Your goal: Beginning with the line containing "En la escalinata" and going on through the line containing "2022下册二年级数学北师版 三 生活中的大数——4 拨一拨(1)", the lines below are to be returned exactly, pictures excluded and nothing added.

Data records:
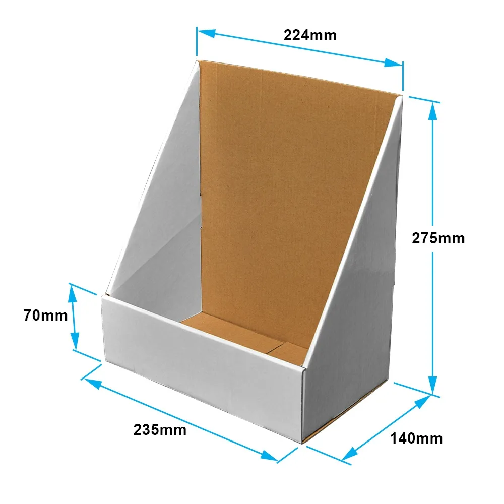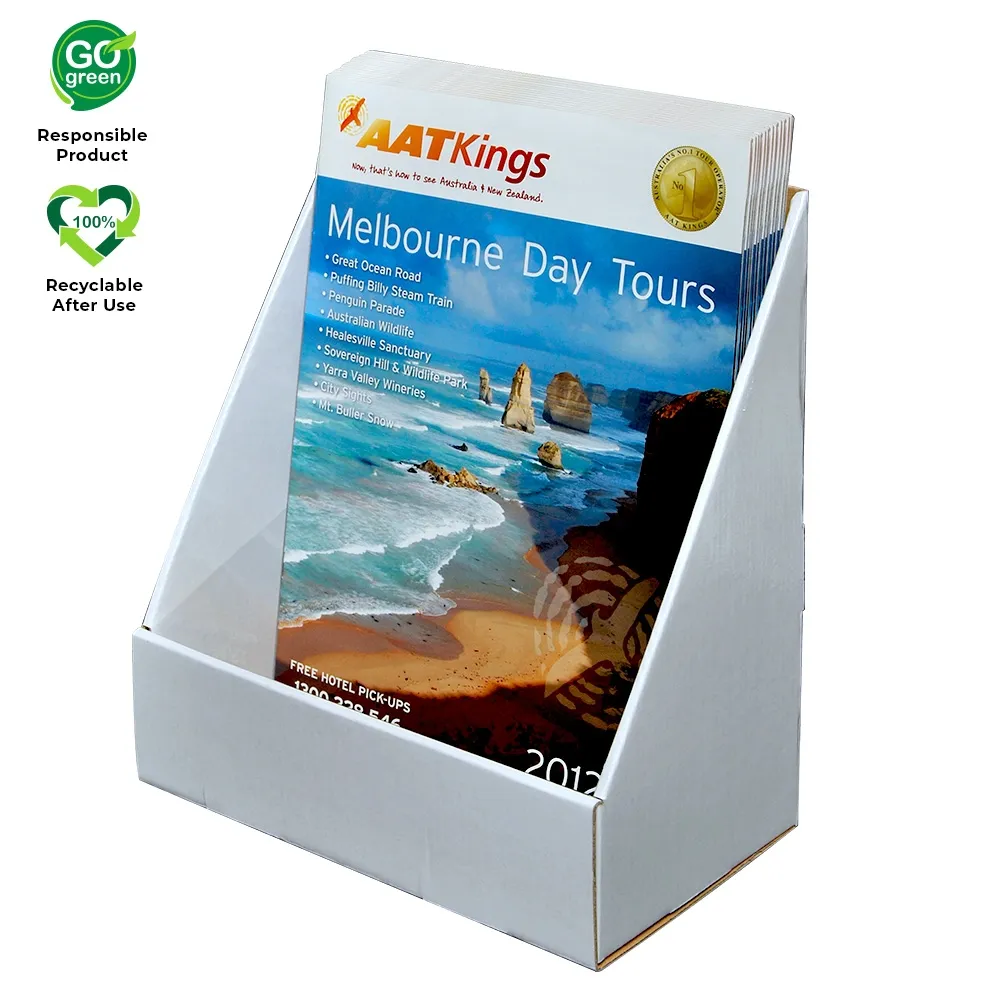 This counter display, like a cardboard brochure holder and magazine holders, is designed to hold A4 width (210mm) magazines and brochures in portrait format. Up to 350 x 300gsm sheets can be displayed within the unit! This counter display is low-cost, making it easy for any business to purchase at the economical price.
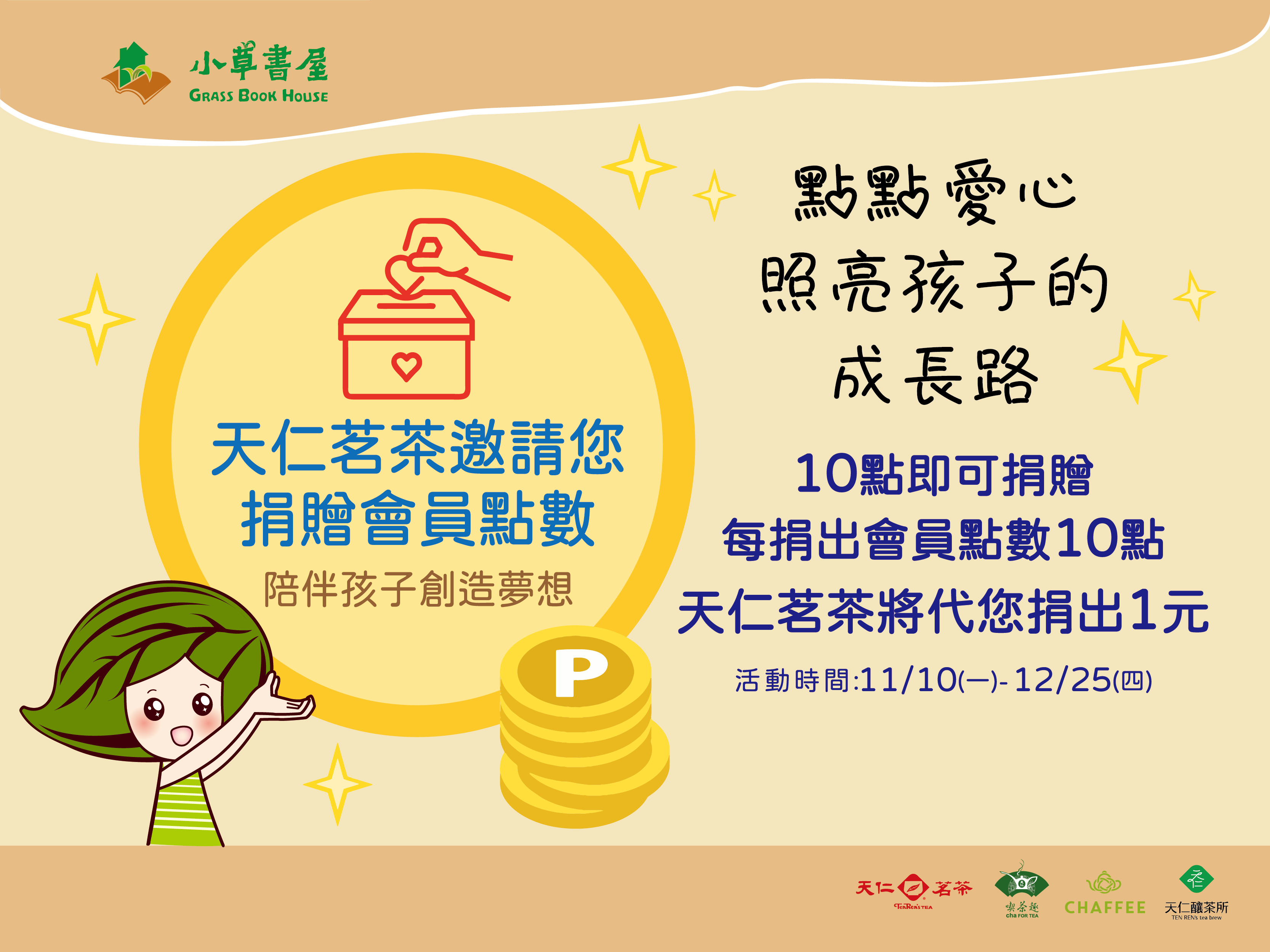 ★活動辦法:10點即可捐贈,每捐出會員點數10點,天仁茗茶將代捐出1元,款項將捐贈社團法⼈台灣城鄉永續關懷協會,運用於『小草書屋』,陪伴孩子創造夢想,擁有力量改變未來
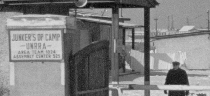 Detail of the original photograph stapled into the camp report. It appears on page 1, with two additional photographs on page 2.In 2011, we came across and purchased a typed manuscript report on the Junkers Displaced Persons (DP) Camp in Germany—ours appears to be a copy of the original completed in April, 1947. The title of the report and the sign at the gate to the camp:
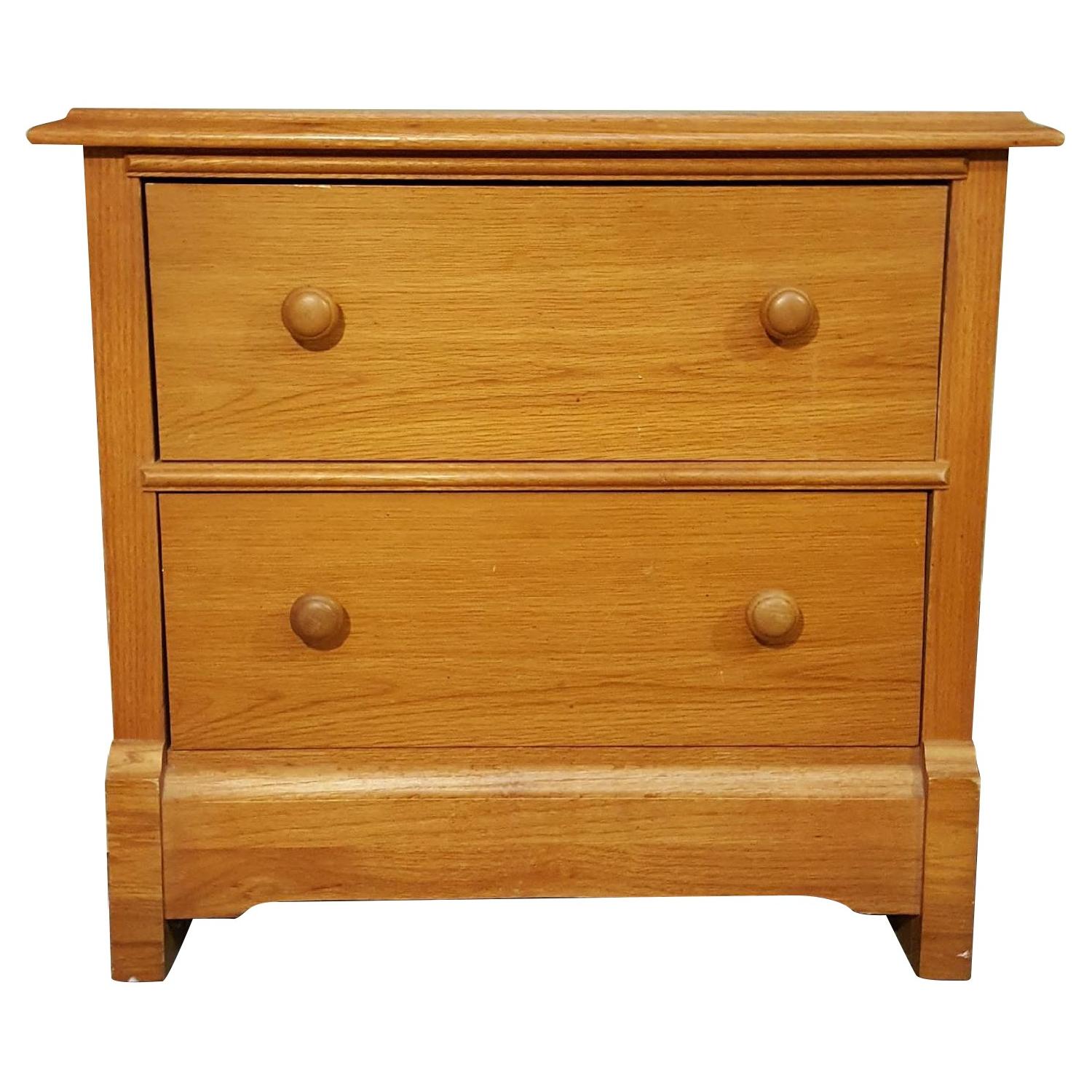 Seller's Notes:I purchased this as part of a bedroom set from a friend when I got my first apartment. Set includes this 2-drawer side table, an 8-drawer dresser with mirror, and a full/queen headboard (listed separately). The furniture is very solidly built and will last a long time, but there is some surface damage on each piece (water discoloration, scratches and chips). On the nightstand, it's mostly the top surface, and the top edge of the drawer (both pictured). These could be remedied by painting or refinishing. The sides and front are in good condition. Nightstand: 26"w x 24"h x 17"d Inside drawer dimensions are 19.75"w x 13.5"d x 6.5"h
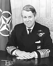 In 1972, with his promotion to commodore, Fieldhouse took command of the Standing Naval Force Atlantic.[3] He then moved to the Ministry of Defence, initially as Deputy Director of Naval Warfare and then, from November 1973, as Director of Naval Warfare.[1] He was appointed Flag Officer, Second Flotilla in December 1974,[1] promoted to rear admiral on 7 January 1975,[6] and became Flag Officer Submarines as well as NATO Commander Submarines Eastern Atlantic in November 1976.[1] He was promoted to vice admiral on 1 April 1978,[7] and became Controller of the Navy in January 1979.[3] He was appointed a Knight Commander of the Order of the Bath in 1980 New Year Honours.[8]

* * *

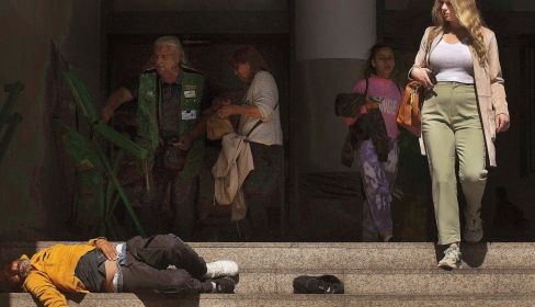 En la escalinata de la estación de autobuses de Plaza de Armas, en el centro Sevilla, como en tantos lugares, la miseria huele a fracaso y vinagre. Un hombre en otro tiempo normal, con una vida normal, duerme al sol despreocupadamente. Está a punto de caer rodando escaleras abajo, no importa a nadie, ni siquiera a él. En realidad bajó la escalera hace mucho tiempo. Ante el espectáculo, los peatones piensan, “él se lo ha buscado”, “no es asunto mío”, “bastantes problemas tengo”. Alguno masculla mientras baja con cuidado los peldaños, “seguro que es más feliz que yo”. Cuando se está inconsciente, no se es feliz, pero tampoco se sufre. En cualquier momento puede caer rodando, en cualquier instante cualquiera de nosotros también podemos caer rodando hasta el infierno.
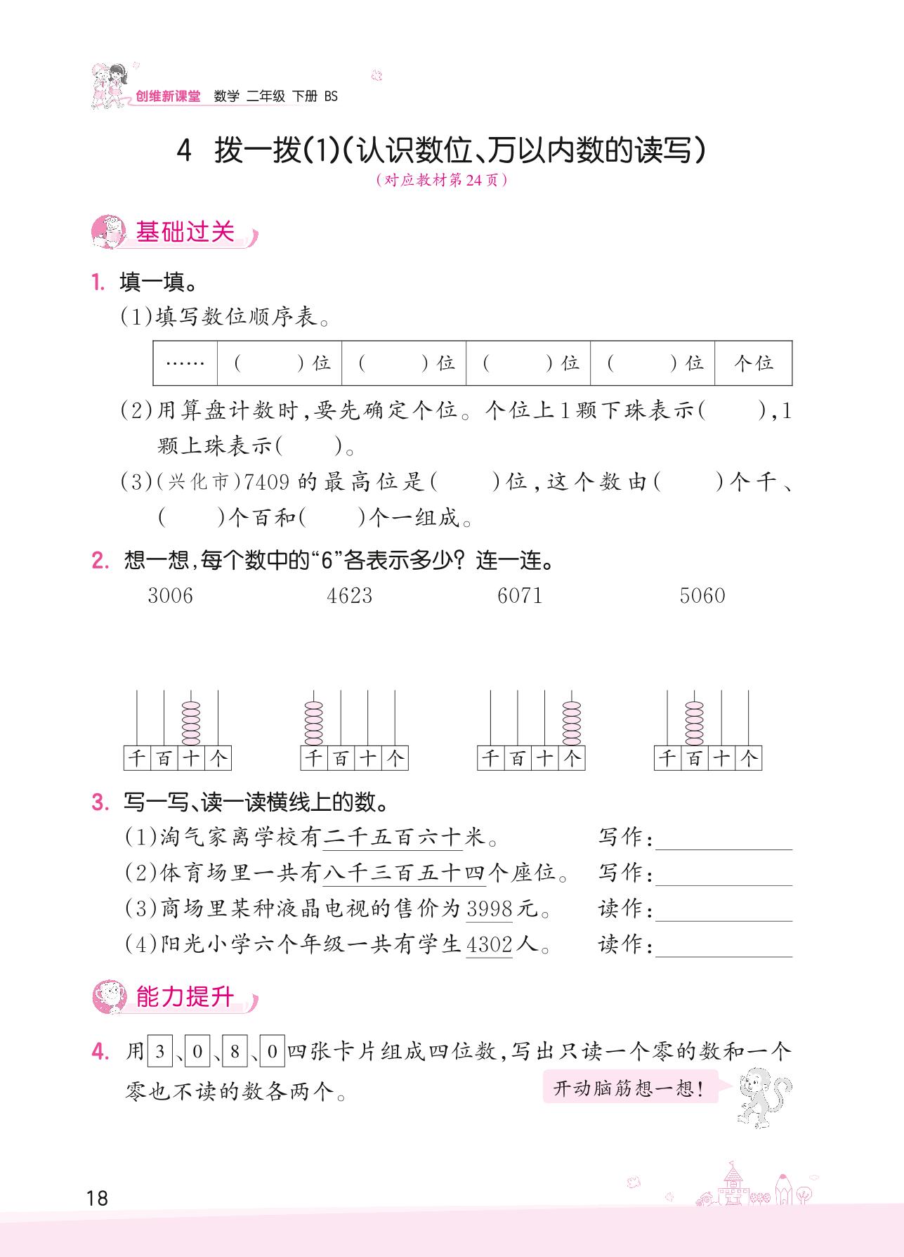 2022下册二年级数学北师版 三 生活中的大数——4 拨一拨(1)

Solution to the problem:
 En la escalinata de la estación de autobuses de Plaza de Armas, en el centro Sevilla, como en tantos lugares, la miseria huele a fracaso y vinagre. Un hombre en otro tiempo normal, con una vida normal, duerme al sol despreocupadamente. Está a punto de caer rodando escaleras abajo, no importa a nadie, ni siquiera a él. En realidad bajó la escalera hace mucho tiempo. Ante el espectáculo, los peatones piensan, “él se lo ha buscado”, “no es asunto mío”, “bastantes problemas tengo”. Alguno masculla mientras baja con cuidado los peldaños, “seguro que es más feliz que yo”. Cuando se está inconsciente, no se es feliz, pero tampoco se sufre. En cualquier momento puede caer rodando, en cualquier instante cualquiera de nosotros también podemos caer rodando hasta el infierno.
 2022下册二年级数学北师版 三 生活中的大数——4 拨一拨(1)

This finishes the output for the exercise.